PERMO-CARBONIFEROUS COPACABANA FORMATION IN BOLIVIA: CARBONATE-CLASTIC SUCCESSIONS IN A BACK-ARC SETTING
Over 400m of Bashkirian to Kungurian strata in the Lake Titicaca region thin and young along tectonic strike and up regional depositional dip to the southeastern Subandes. Brachiopod-dominated, storm-influenced muddy marine subtidal carbonates are common. In Pennsylvanian deposits these facies are interbedded with Crurithyrid-rich wackestone and black shale and are overlain by cross-bedded sandstone and siltstone. Thin siliceous beds and nodule-bearing dolomudstone (silcretes equivalent to anhydrite in the northern subsurface) are abundant and represent up-dip facies elements of sabkha-homoclinal ramp depositional mosaics. Meter-scale successions show evidence for repeated subaerial exposures and episodic deposition of ash beds.

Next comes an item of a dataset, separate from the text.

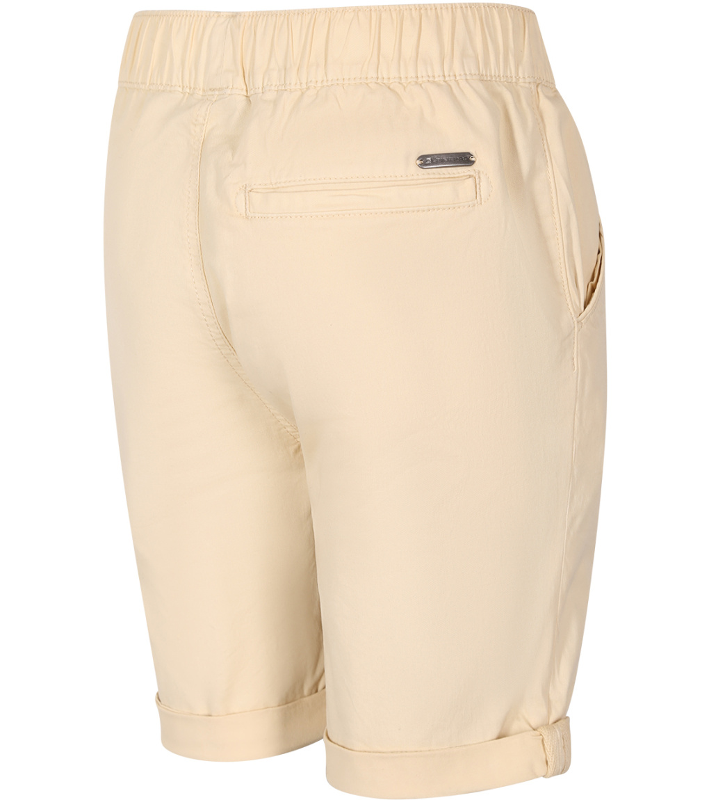 Bavlnené chlapčenské kraťasy sú skvelou voľbou pre pohodlie a štýl počas letných dní. Pružný materiál zaisťuje voľnosť pohybu, zatiaľ čo polopriliehavý strih ponúka ideálnu kombináciu komfortu a flexibility. Pás je nariasený do gumy a vybavený sťahovacou šnúrkou, čo umožňuje ľahké prispôsobenie. Kraťasy majú vyhrnutý lem na nohaviciach pre moderný vzhľad, tri praktické vrecká a nášivku na zadnom diele, ktorá dodáva štýlový detail. Perfektná voľba pre ihriská, prechádzky či letné dobrodružstvo.
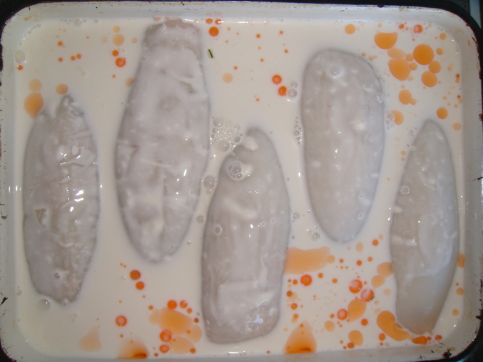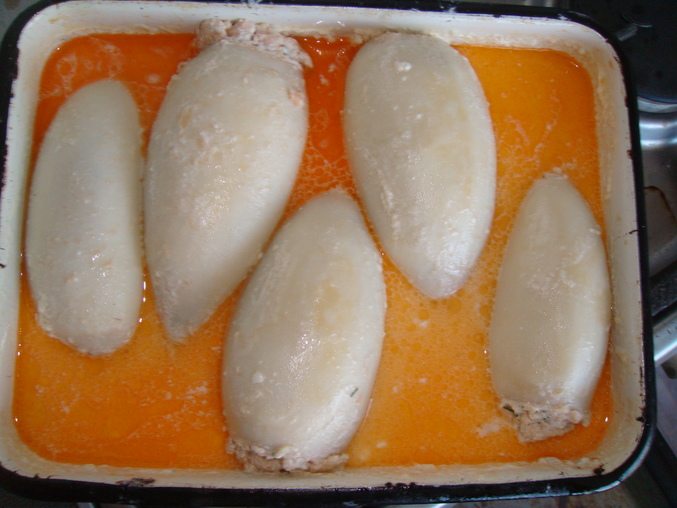 Перемешать, добавить черный перец и соль, набить тушки кальмаров, положить в форму для запекания:

Abundant Permian skeletal grainstones include locally thick, cross-bedded pelmatozoan-dominated beds which represent high-energy environments and cover all areas of Pennsylvanian non-deposition (paleohighs). Ubiquitous Permian deposits contain many bryozoans, fusulinids and corals. Asselian/Sakmarian deposits can be organized into widely correlated decameter stacking cycles. Cycles consist of interbedded lime mud/dark shale with tempestites (subtidal) overlain by grainstones and clastics with subaerial features (peritidal shoals).
Sub-tropical Permo-Carboniferous deposition occurred within a system of troughs and paleohighs in cool-subtidal, warm-photic and evaporitic conditions (especially interesting with regard to underlying/coeval Gondwanan glacigene environments). Early restricted Pennsylvanian basins were flooded in the Permian and evolved into open, high-energy ramps. Sediment was accommodated by pre-rift, plate margin transtension. Analysis for cyclothemic eustatic overprint is contingent on higher resolution biostratigraphy.